TASK:
An exact restatement of the data below, with the pictures removed, is the required answer.

MATERIAL PROVIDED:
——

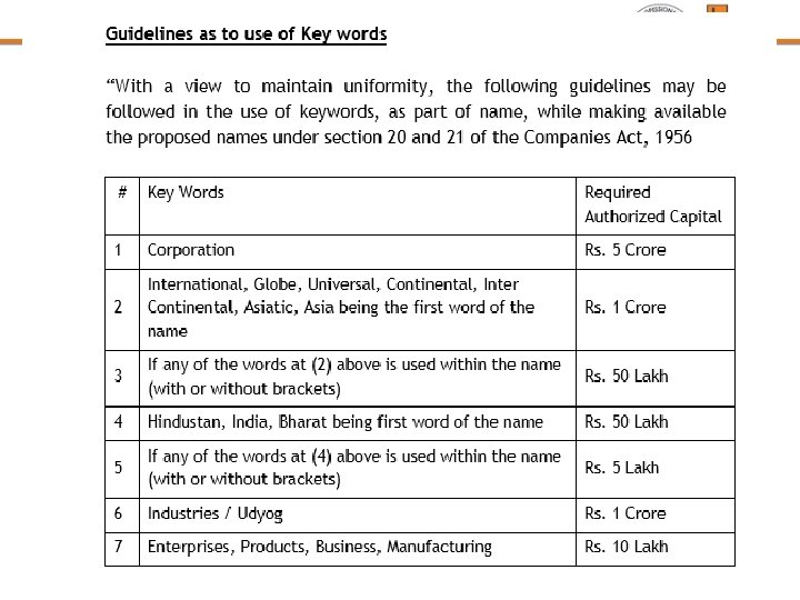 Contents of Memorandum 1. Name Clause: (a) Undesirable name to be avoided. (b) Injunction if identical name is adopted (c) Use of ‘Limited’, ‘Private Limited’ or ‘OPC’ (d) Prohibition of the use of certain names (e) Use of key words according to authorized capital
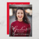 Simple and classy one photo white script text "Graduate" graduation design with back graduation party design on a red background by Holiday Hearts Designs (rights reserved) with template placeholder photo credit to Michael Dam via Unsplash.
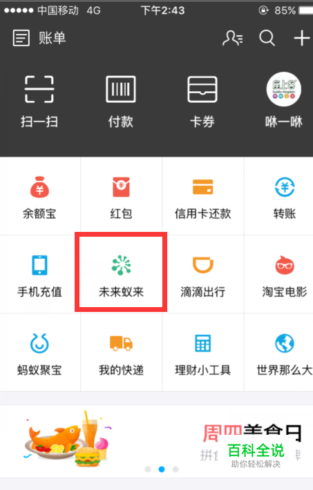 今天在玩手机的时候偶然发现支付宝上新加了一个未来蚁来的功能,挺有意思的,下面介绍给大家
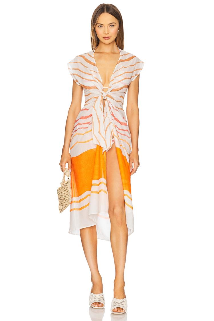 Lightweight cotton and linen blend fabric with a semi-sheer finish brings breezy comfort to this loose-fitting cover-up dress. Featuring a flattering V-neck and sleeveless wide straps, the front tie closure shapes the waist while the asymmetric midi hem adds a casual chic flair. The soft striped pattern in matte white, orange, and rose hues evokes a laid-back beach vibe, perfect for vacation days, casual outings, or beachwear essentials. Its effortless silhouette and breathable fabric make it ideal for warm spring and summer seasons.

——

RESPONSE TO THE EXERCISE:
 Contents of Memorandum 1. Name Clause: (a) Undesirable name to be avoided. (b) Injunction if identical name is adopted (c) Use of ‘Limited’, ‘Private Limited’ or ‘OPC’ (d) Prohibition of the use of certain names (e) Use of key words according to authorized capital
 Simple and classy one photo white script text "Graduate" graduation design with back graduation party design on a red background by Holiday Hearts Designs (rights reserved) with template placeholder photo credit to Michael Dam via Unsplash.
 今天在玩手机的时候偶然发现支付宝上新加了一个未来蚁来的功能,挺有意思的,下面介绍给大家
 Lightweight cotton and linen blend fabric with a semi-sheer finish brings breezy comfort to this loose-fitting cover-up dress. Featuring a flattering V-neck and sleeveless wide straps, the front tie closure shapes the waist while the asymmetric midi hem adds a casual chic flair. The soft striped pattern in matte white, orange, and rose hues evokes a laid-back beach vibe, perfect for vacation days, casual outings, or beachwear essentials. Its effortless silhouette and breathable fabric make it ideal for warm spring and summer seasons.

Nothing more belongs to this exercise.